*DATASET EXTRACT*:
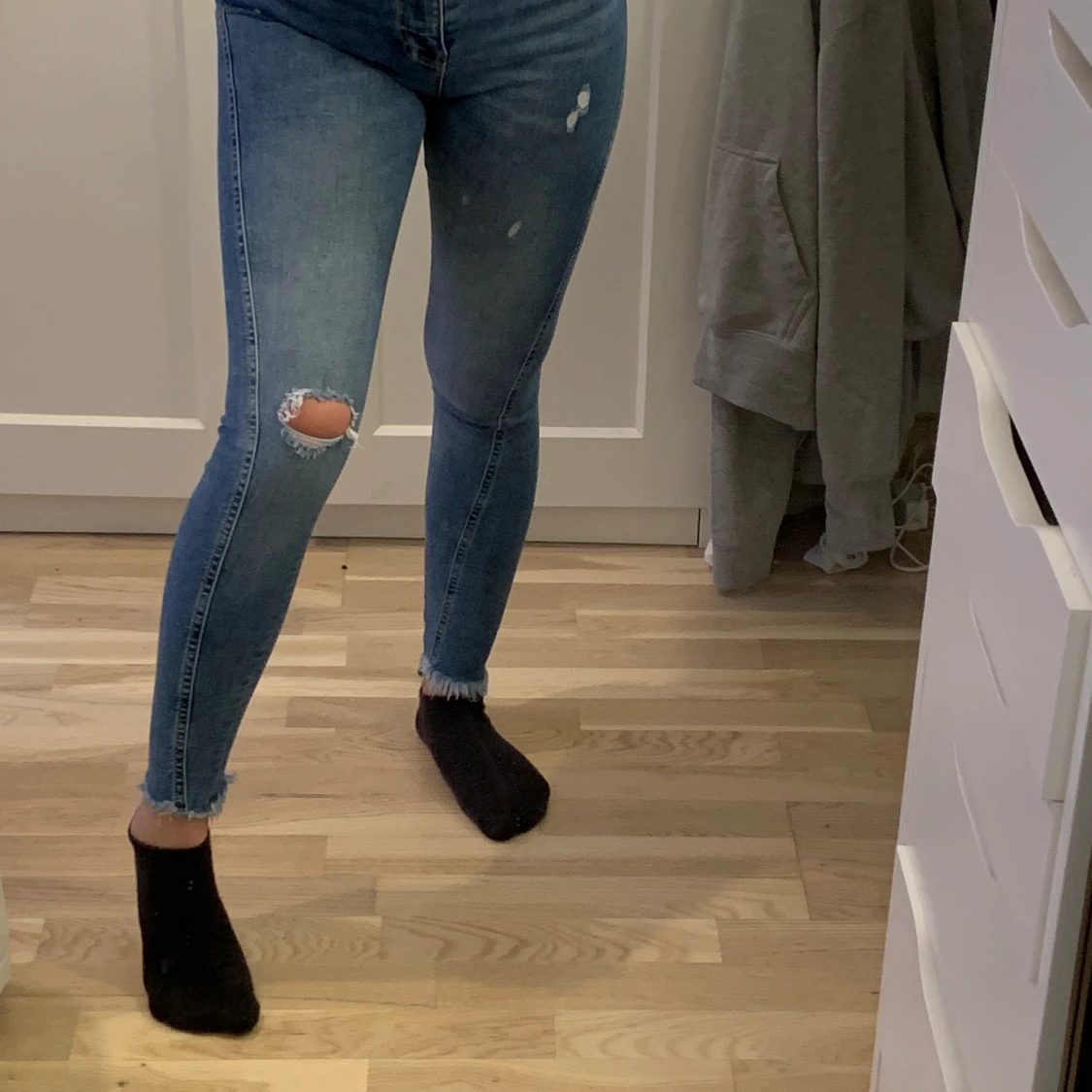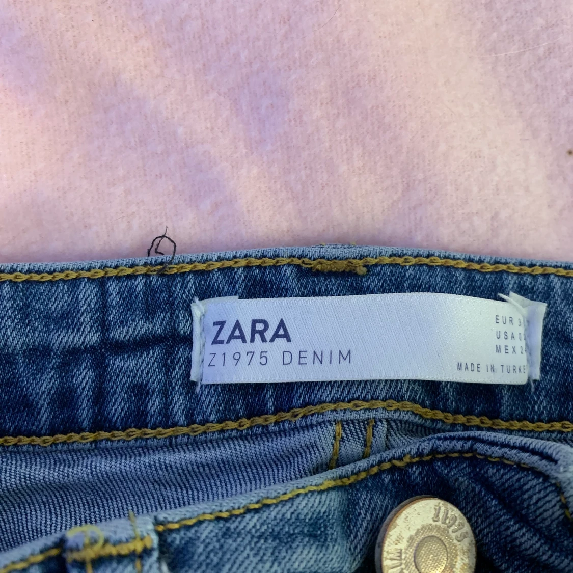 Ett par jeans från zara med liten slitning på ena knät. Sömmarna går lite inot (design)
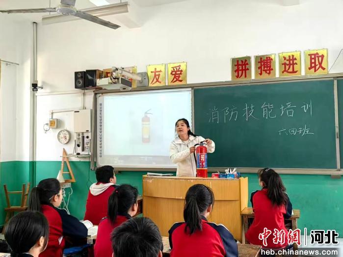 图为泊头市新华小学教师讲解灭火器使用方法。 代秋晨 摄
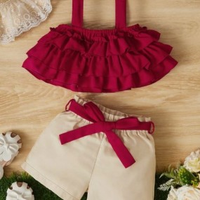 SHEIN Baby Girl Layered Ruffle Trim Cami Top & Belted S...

*WHAT TO DO*: Give back all of the material exactly, though without the images it contains.

*SOLUTION TO THE EXERCISE*:
 Ett par jeans från zara med liten slitning på ena knät. Sömmarna går lite inot (design)
 图为泊头市新华小学教师讲解灭火器使用方法。 代秋晨 摄
 SHEIN Baby Girl Layered Ruffle Trim Cami Top & Belted S...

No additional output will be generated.